In its simplest form, digital currency is a digital form of cash, which is stored, managed, and exchanged digitally, directly between senders and receivers. It is thus different from the money stored in your bank accounts and used for payments or transfers. In a normal payment transaction done via online banking, UPI or even Cards, the money itself does not move from one entity to another; instead, an intermediary such as your Bank or a network like Visa, reconciles and settles the change in balances. When you transact with digital currencies, however, the actual digital asset is transferred between parties akin to a payment with cash, without the need for an intermediary. Every transaction made through digital currencies is usually stored in a publicly distributed ledger running typically on the Blockchain - a digital database that records information in an immutable way and can be accessed by using cryptographic keys.
Digital currencies: Then and now
Since the first ever digital currency network went live in 2009, innovation in the space has birthed a flourishing ecosystem of digital assets with new forms and applications that have evolved with time and captured the imagination of fintechs, banks, payment networks and governments across the world. Visa, for instance, has partnered with over 60 leading crypto platforms on card programs that make it easy to convert and spend digital currency across millions of merchants worldwide.
There are three main types of digital currencies— Cryptocurrency, Stablecoins, and Central Bank Digital Currencies (CBDCs). Cryptocurrency, the earliest avatar of digital currency, was an attempt to create a form of money that did not rely on a central intermediary; viewed by many as an asset similar to stock or digital gold, cryptocurrencies have faced several challenges including price volatility, lack of governance or regulation and importantly - from a user perspective - limited acceptance and interoperability. In the mid-2010s, Stablecoins were introduced. Issued by private entities, Stablecoins can be backed by assets and fiat currency and address the price volatility challenge, increasing the likelihood of being used for payments.

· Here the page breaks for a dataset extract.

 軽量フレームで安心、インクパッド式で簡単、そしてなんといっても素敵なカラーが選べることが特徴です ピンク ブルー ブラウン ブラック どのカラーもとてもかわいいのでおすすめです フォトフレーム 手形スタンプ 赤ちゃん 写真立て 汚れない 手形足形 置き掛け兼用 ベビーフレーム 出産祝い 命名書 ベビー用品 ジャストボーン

All eyes however are on CBDCs. Seeing the burgeoning consumer interest around cryptocurrency and stable coins over the last decade, a number of central banks across the world have directed significant attention on developing their own digital currencies— CBDCs. These emerging payment innovations could potentially be used as legal tender for global commerce, much like fiat currency. Several countries such as Sweden and China have already launched their version of CBDCs via the e-Krona and e-CNY respectively. The Reserve Bank of India is also evaluating the introduction of a CBDC, a Digital Rupee, for India.

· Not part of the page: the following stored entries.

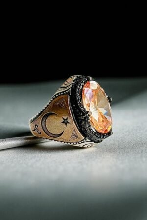 Citrine Stone Luxury Turkish 925 Silver Gent’s Ring with Arabic Calligraphy
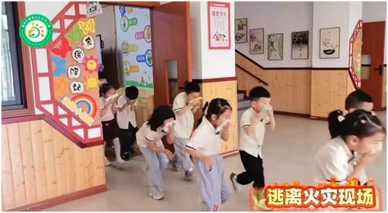 隨著一陣急促的消防警報聲響起,演練正式開始。各班教師迅速反應,立即組織幼兒用濕毛巾捂住口鼻,彎腰低姿態(tài),按照預定的疏散路線,快速、有序地撤離到安全區(qū)域。
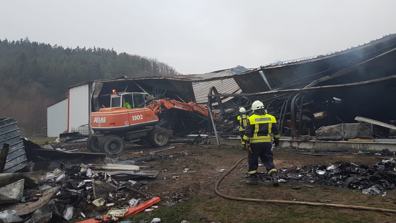 Am Sonntagmorgen loderten ein letztes Mal Flammen in den Resten der Halle auf. Um 08.53 Uhr alarmierte die ILS Amberg nochmals die Feuerwehr Weigendorf zu letzten Nachlöscharbeiten. Unter Atemschutz wurden die letzten Glutnester mit Schaum abgedeckt.

Harnessing the potential of CBDCs
CBDCs have several advantages over other digital payment systems; payments using CBDCs are final and thus reduce the risk of settlement. CBDCs could also potentially create a more real-time and cost-effective globalization of payment systems allowing say, importers and exporters to settle payment for goods or services directly, without the need of an intermediary. Indeed, given its advantages CBDCs can be used for diverse use-cases; for example, retail CBDCs for transactions between consumers and businesses, and wholesale CBDCs for conducting interbank transfers and settlements, offering significant value in terms of faster transfer rates, greater transparency and reduced transaction fees. From a risk perspective, since digital currencies are actual ‘bearer’ assets, access to which are controlled by cryptographic keys, possibilities of account takeover fraud are diminished. Further, the very nature of CBDCs make it easier to monitor both source and use of funds thus minimizing the risk of money laundering.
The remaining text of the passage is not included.